« Suffering sea snakes! Can this really be happening, Aquaman? » — Aqualad has a query.
I just realised, a few days ago, that I’d left something hanging for too long: nearly two years ago, I turned the spotlight on a series of Aquaman covers, casually (in my debonair way) letting it be known that there existed another, earlier, and even longer (well, by one) run of exemplary Aquaman covers. The time has come to see whether I was talking through my hat… or not.
Now, at the risk of repeating myself, it must be stated that, since we’re dealing with DC’s late Silver Age, there’s more to any given cover than a signature. DC’s recently-ascended art director, Carmine Infantino, had a hand in designing virtually every DC cover between late 1966 and early 1976. How strong a hand varied from cover to cover, of course. A good designer sometimes knows when to hold back and be invisible, or just about.
Infantino always strove to improve himself and update and hone his skills. Well into his career (he’d started in 1940 at Timely), he pulled an unexpected (and very smart) move. As he recalled it in The Amazing World of Carmine Infantino (2000, Vanguard Productions):
« Around 1960, I went back to school again, this time to study under a gentleman named Jack Potter at the School of Visual Arts. What Jack taught me about design was monumental, and I went through a metamorphosis working with him. I’d sit there confused and he’d tear the work apart. But then it was a light bulb going off – bam! – and I’d understand everything he was getting at.
After studying with Potter at the SVA, my work started to grow by leaps and bounds. I was achieving individuality in my work that wasn’t there before.
I threw all the basics of cartooning out the window and focused on pure design. Everything I did was design-oriented. That was quite the challenging task. But that’s where Potter’s teaching took me.

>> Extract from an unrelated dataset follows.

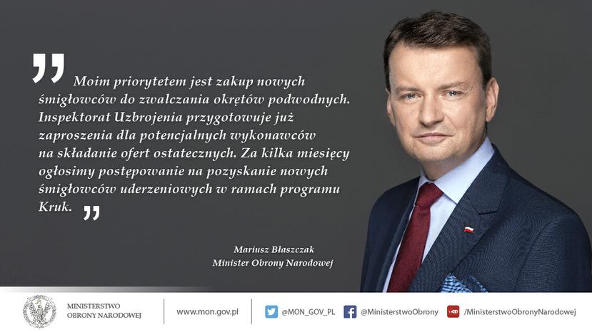 - Moim priorytetem jest zakup nowych śmigłowców do zwalczania okrętów podwodnych. Inspektorat Uzbrojenia przygotowuje już zaproszenia dla potencjalnych wykonawców na składanie ofert ostatecznych. Za kilka miesięcy ogłosimy postepowanie na pozyskanie nowych śmigłowców uderzeniowych w ramach programu Kruk. Jeszcze raz chce podkreślić, że wycofanie zaproszeń w postępowaniu na część śmigłowców dla wojsk specjalnych nie oznacza, że rezygnujemy z całego programu śmigłowcowego. Przypominam, że wojska specjalne dysponują najnowszymi śmigłowcami w Siłach Zbrojnych RP – podkreślił minister.
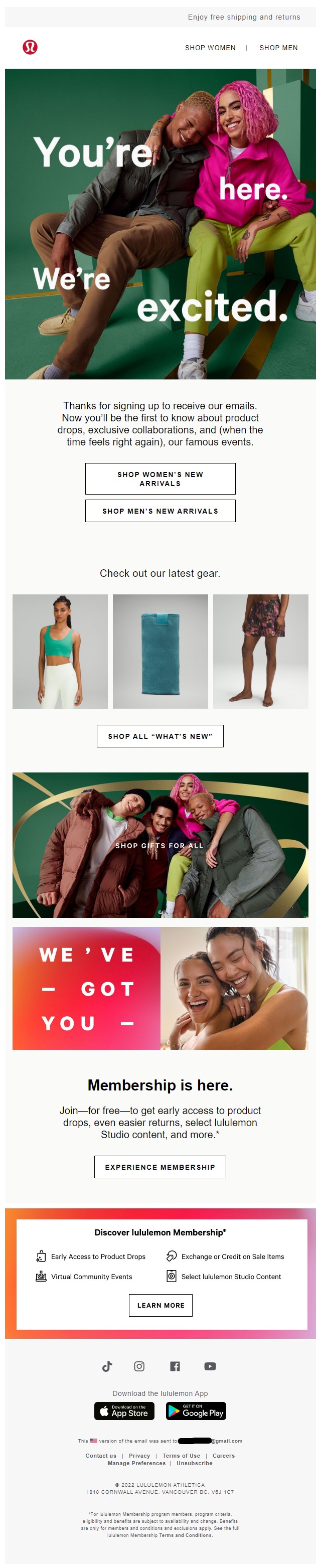 Download the free html template laid out just like Lululemon's Welcome email. Just plug in your content.

… I started putting hands in captions, that was decorative. He taught us to do everything decoratively. I’d always found captions very dull. So I thought I’d break the captions into smaller paragraphs and use hands to get people to read them. I regularly pushed design and perspective to the extreme. »
And speaking of reinvention, I must also salute Nick Cardy’s own mid-career creative burst. Prior to the mid-60s, Cardy had always been one of those genteel, tasteful but entirely unexciting journeymen, the way most DC editors liked ’em. I can think of precious few long-timers that managed to convincingly reinvent themselves and greatly raise their game, well into their career, without utterly misplacing their original identity (that disqualifies you, Keith Giffen) in the process. Alex Toth, Jerry Grandenetti and perhaps Sheldon Mayer come to mind…
At any rate, when Infantino got together with Cardy on those covers, all hell broke loose, in the best possible way.



But back to the comic book: this dazzling scene announces the saga of “How to Kill a Sea King!”, as our amphibious hero seeks to thwart a hostile Venusian takeover of Earth and sea. Script by Bob Haney, art by Cardy. This is Aquaman no. 39 (May-June 1968, DC). Oh, and the hottie? That’s “Aliena”. A real bolt of ‘inspiration’ there, Mister Haney.